An interim compromise was reached following a meeting yesterday, where the telecommunication companies will be allowed to charge the 6% GST for a period of three months, provided subscribers are given more airtime and texting quota.

After three months, the department will negotiate with the telcos for a permanent solution.

Customs GST division director Datuk Subromaniam Tholasy said yesterday that this was the culmination of discussions held between the Domestic Trade, Cooperatives and Consumerism Ministry, Customs and all telcos, after it received numerous complaints on the matter on April 1.
Telco issues topped the statistics for GST complaints yesterday, at 44%.

Subromaniam said telcos were given two choices during the discussions.

“The choices were either they fix the price as it was earlier or increase the airtime and SMS.

“This is actually good news for subscribers. Let’s say the prepaid card costs RM10, then subscribers have to pay 60 sen GST but they get an additional RM1 worth of free air time and SMS,” he added.

Meanwhile, sources told media that if the telcos were allowed to impose the 6% GST, they would be reaping millions in additional revenue, as this was absorbed by them as a cost under the Sales and Services Tax (SST) regime.

Prior to the announcement by Customs, analysts were projecting a 3% increase in prepaid revenue for telcos from passing on GST to prepaid customers.

Maybank IB Research analyst Tan Chi Wei emphasised that the benefits of GST are not as clear-cut as simply a direct flow-through of the previously foregone revenue down to earnings before interest tax, depreciation and amortisation.

“There are elasticity considerations, and competition remains intense, meaning part of the newfound revenue could be returned back to customers in the form of lower effective tariffs. It remains to be seen how price points would eventually trend in the coming months,” he explained.

A cursory check of Maxis’ 2014 annual report showed that prepaid revenue (permutated from number of prepaid subscribers and average revenue per user) for the year 2014 stood at RM327.21 million.
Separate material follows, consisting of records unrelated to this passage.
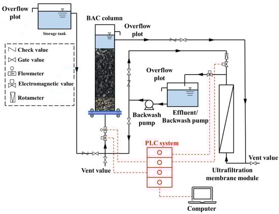 The experiment was performed in the pilot scale, which consisted of a BAC column and a gravity-driven UF system that was operated automatically by a programmable logic controller (PLC). A schematic diagram of the treatment process is shown in Figure 1. The BAC column with 200 mm in effective diameter and 3 m in total effective height, contained 1.6 m of granular activated carbon particles (1.7–4.0 mm, prepared from coconut shell), and 0.3 m of cobble supporting layer. Apart from that, the commercial hollow-fiber modules of the polyvinyl chloride (PVC) UF membrane were provided by Litree Purifying Technology Company (Suzhou, China), and they contained membrane fibers with an effective area of 10 m2 and a molecular weight cutoff of 100,000 Da. Furthermore, all pipes for water flow were made of PVC in the pilot-scale system.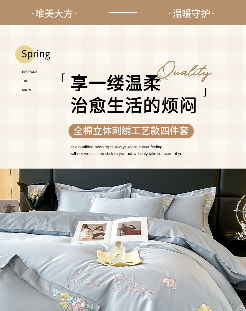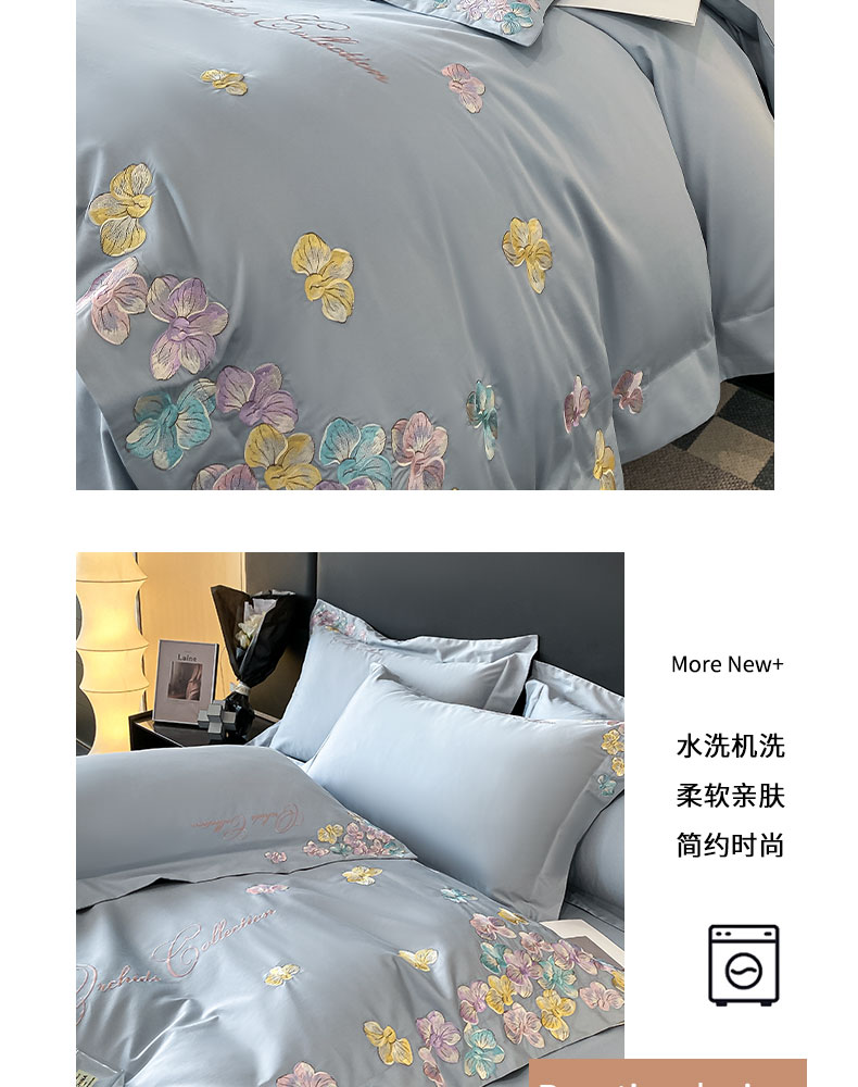 (总)丞音家纺 2025新款高档包装A类母婴级双面全棉蝴蝶刺绣纯棉长绒棉绣花四件套,梦蝶-抹茶绿,梦蝶-冰莓粉,梦蝶-时尚灰,梦蝶-雾霾蓝
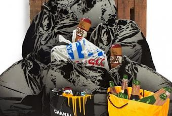 A show of beautifully hand crafted stencil works that discover the beauty amongst our trash. Photo real renditions of humble bin bags & high class labels painted on a decade’s worth of bin and skip raiding. Up-cycled objects, grannies cushions, nothing avoids the Dotmasters' magpie eye. Mixed media assemblages pop off the wall in a faux 3D skid row tableaux. The frames are off, and work spills from the walls like the piles of trash they depict.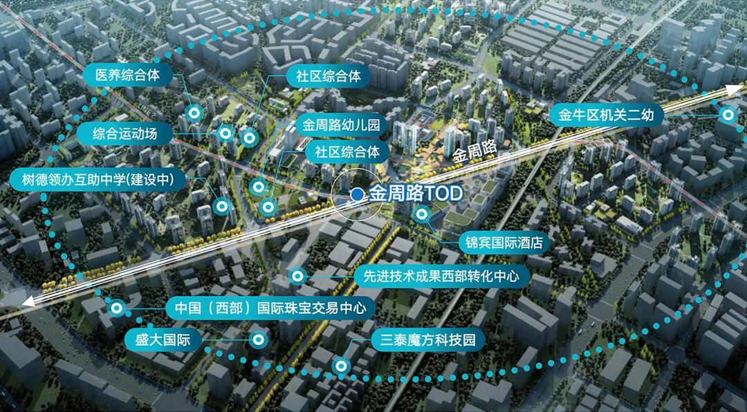 在教育资源方面,金周路TOD周边学府氛围浓厚。教育资源密布,提供了全龄段的教育服务。周边拥有四川省首批重点学校茶店子小学的三大校区,以及金牛区机关二幼、机关三幼等示范性幼儿园。在建的互助中学项目——将由成都树德中学领办,并命名为“成都市树德金泉中学校(本部)”。此举将全面提升该片区的教育资源配置水平,预计于2026年建成。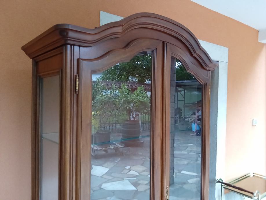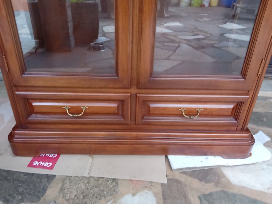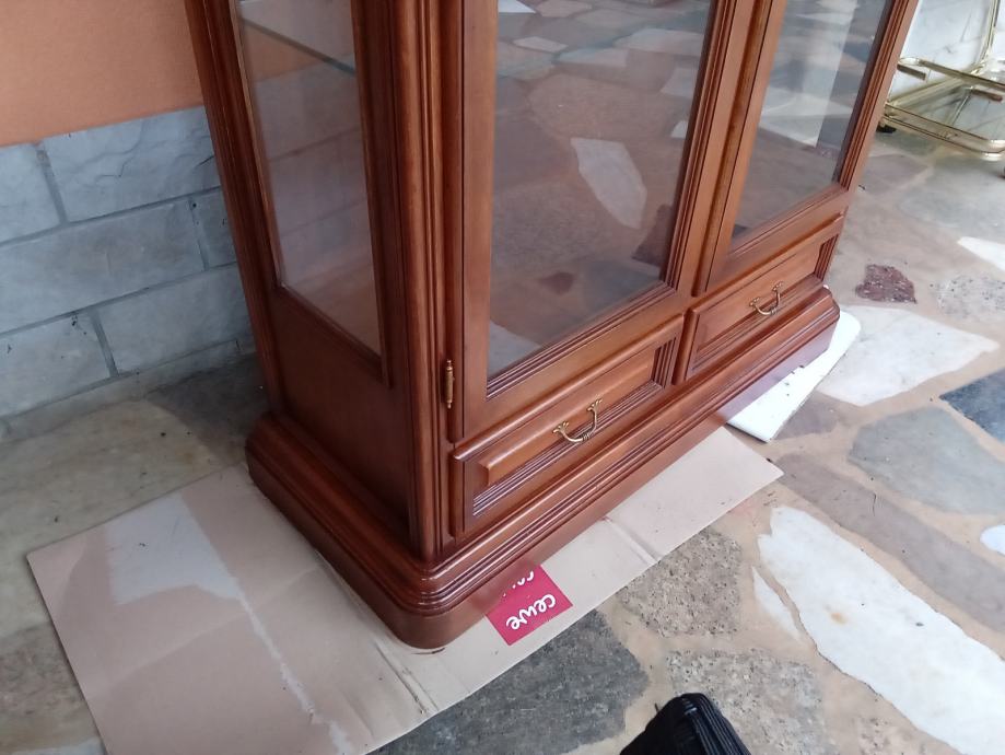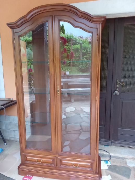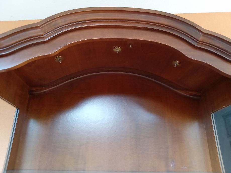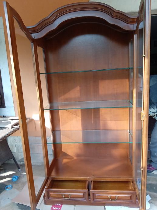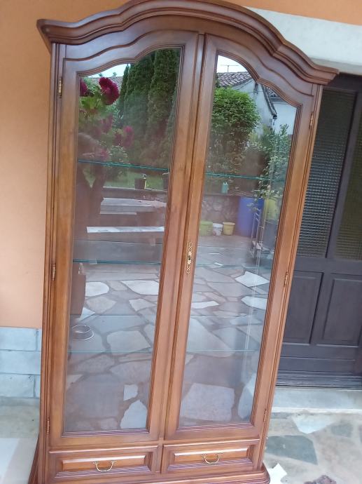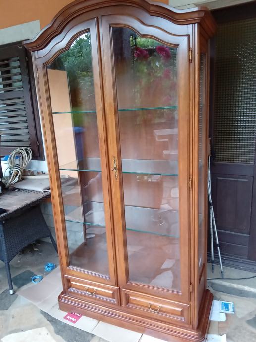Prekrasna hrastova teska kristaljera u odličnom stanju. Kristaljera je osvjetljena. Dimenzije: sirina 97 cm, visina 195 i dubina 43 cm.

A 3% increase would mean an almost RM20 million increase in revenue for the group from the act of passing on the tax to customers.

As telcos have been absorbing the 6% service tax previously charged, the move will see telcos register new-found revenue which was previously tied up.

According to a Maybank report, DiGi’s prepaid revenue makes up about 66% of mobile revenue, Maxis’ prepaid revenue 48%, while Celcom was at 55%.

An industry observer opined that with the prepaid sector accounting for about 60% of total revenue for the industry, which comes up to about RM25 billion, this means that the telcos have been absorbing close to RM1 billion in the form of taxes under SST, yet they still managed to record a few billion in profits.

Under the current practice, telcos are not issuing tax invoices for the GST they charge although these are required by law for claims of input tax.